Hijo de una maestra y de un ex marine que acabó abriendo una pequeña tienda de discos en una calle céntrica de Baltimore, Glass entró pronto en contacto físico con la música: siendo un crío pasaba mucho tiempo ordenando vinilos en el trastero del negocio familiar y vigilando que nadie robara ninguno. En caso de hurto, él y su hermano debían avisar a su padre. No lo hacían. “Sabíamos lo que pasaba cuando agarraba a uno de esos ladrones. Lo sacaba fuera de la tienda y le pegaba hasta dejarlo inconsciente”.
Un día el padre decide entender por qué hay algunos compositores (Bartók, Shostakóvich, Stravinski…) cuyos discos no hay manera de vender. Con ese fin se organiza audiciones nocturnas a las que un adolescente Glass se suma sin ser visto, deslizándose silencioso por la escalera hasta poder escuchar aquellas obras y otras más antiguas que le marcarían para siempre. “Los sonidos de la música de cámara arraigaron en mi corazón y se convirtieron en la base de mi vocabulario musical”.
El segundo gran impacto musical ya sería lejos de casa, en Chicago, donde transcurrieron sus años universitarios: es el descubrimiento del jazz de la mano de gigantes como el pianista Bud Powell o el saxo alto Charlie Parker, “el J.S. Bach del be-bop”. Queda asombrado por la capacidad de músicos como John Coltrane para extraer armonías increíbles de cualquier melodía.
En la mochila del futuro compositor ya estaban la música culta centroeuropea y la “fuerza bruta” del be-bop. Y pronto llegarían la música moderna alternativa (John Cage, Morton Feldman), la inscripción en la neoyorquina escuela de música Juilliard, las lecturas esenciales de Hermann Hesse, Jack Kerouak o de su más tarde amigo íntimo Allen Ginsberg, o el cine de Jean Cocteau, cuyas películas acabaría convirtiendo en óperas. Y aun así, aun estaban por incorporarse dos pilares esenciales en su manera de entender la música: su relación con el virtuoso del sitar hindú Ravi Shankar y las clases recibidas de una profesora legendaria, Nadia Boulanger, que formó a tantos genios de la composición, de Gershwin a Piazolla. Después, es posible que fatiguen algo tantas páginas tibetanas, tanto viaje a India y tanta explicación sobre el influjo de oriente, aunque vengan del creador de la primera ópera centrada en la figura de Ghandi (Satyagraha).

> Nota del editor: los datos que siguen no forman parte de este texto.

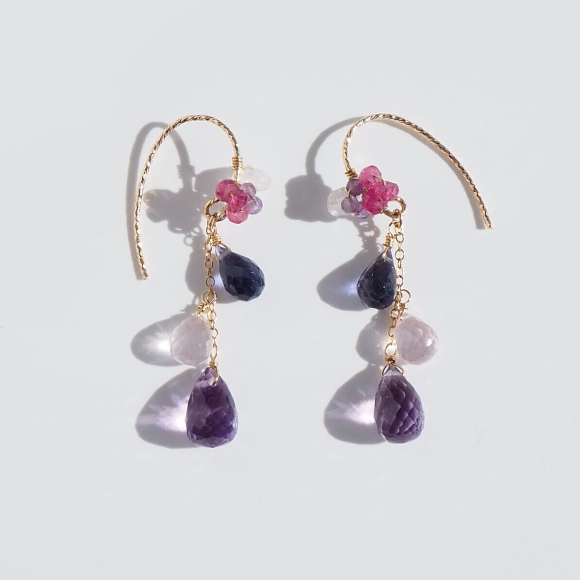 ムーンストーン、ルビー、アメジストで彩りを添えた華やかなグリッターフックピアスで、春らしく、上品な可愛らしさのあるピアスに仕上がりました。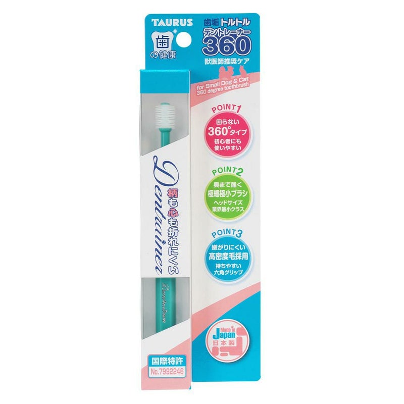 商品詳細●全集360 度の歯ブラシだから、歯垢をしっかり除去し口臭を軽減します。手を回さず横磨きで、手の甲で擦って痛くない強さが磨く力の目安です。●極小ヘッドと糸径(0.06mm) なので、奥まで磨きやすくなっています。誤ってペットが噛んでも歯ブラシの柄や飼い主様の心も折れにくい設計です。●ペットが嫌がりにくい極細毛を全方向に高密度移植(2万本以上)。グリップはどこからでも持ちやすい六角形状になっています。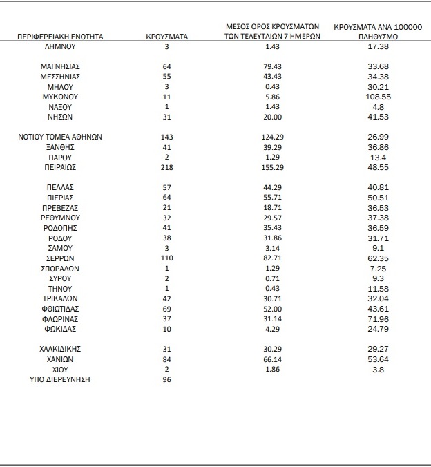 - Με βάση τα επιβεβαιωμένα κρούσματα των τελευταίων 7 ημερών, 151 θεωρούνται σχετιζόμενα με ταξίδι από το εξωτερικό και 3.116 είναι σχετιζόμενα με ήδη γνωστό κρούσμα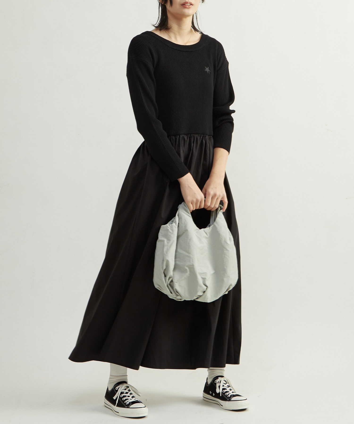 マットなナイロン素材を採用し、カジュアルすぎず上品な印象に。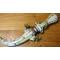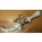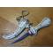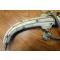 SUPERBE COUTEAU ARTISANAL ETHNIQUE ORIENTAL ACCOMPAGNE DE SON FOURREAU EN OS DE CHAMEAU POLI -- LAME EN ACIER SATINEE A UN SEUL TRANCHANT PEU COUPANTE, RECOURBEE VERS L'AVANT -- TRES BEAU MANCHE AVEC UNE POINTE EN LAITON AU SOMMET, TRES BONNE PRISE EN MAIN , EGALEMENT EN PLAQUETTES D'OS DE CHAMEAU ASSEMBLEES ET COLLEES COMME SUR LE FOURREAU + RAJOUTS DE PETITES FLEURS EN LAITON, TOUTES CES PLAQUETTES D'OS ONT ETE ASSEMBLEES SUR UN SQUELETTE SOLIDE EN LAITON PLUS OU MOINS EPAIS, SELON SI ON L'OBSERVE DE CHAN OU A PLAT, UNE BONNE GARDE DE MÊME MATIERE PROTEGE LA MAIN -- LONGUEUR DU COUTEAU DE LA POINTE DE LA LAME A LA POINTE DU MANCHE = 28cm -- LONGUEUR TOTALE AVEC L'ETUI = 30,5 cm -- POIDS TOTAL = 362 grs -- DEUX EXCROISSANCES LAITON ET OS ACCOLEES AU FOURREAU SOUTIENNENT 2 ANNEAUX EN LAITON POUR PASSER LA CORDELETTE DE SOUTIEN -- ANNEES AUX ENVIRONS DE 1950/60/

Mente inquieta y permeable
Muchos años de formación, justificables para una mente tan inquieta y permeable como la de Glass. Además no pudo ganarse la vida como compositor hasta finales de los setenta, con más de cuarenta años, pero no hay un gramo de resquemor en el libro por este asunto. Al contrario: se declara un privilegiado por haber sido un artista más en el Nueva York de los años sesenta, en aquella eclosión en la que “los mundos del arte, del teatro, de la danza y de la música convergieron. Era una fiesta que no acababa nunca y yo me sentía en medio de la misma”.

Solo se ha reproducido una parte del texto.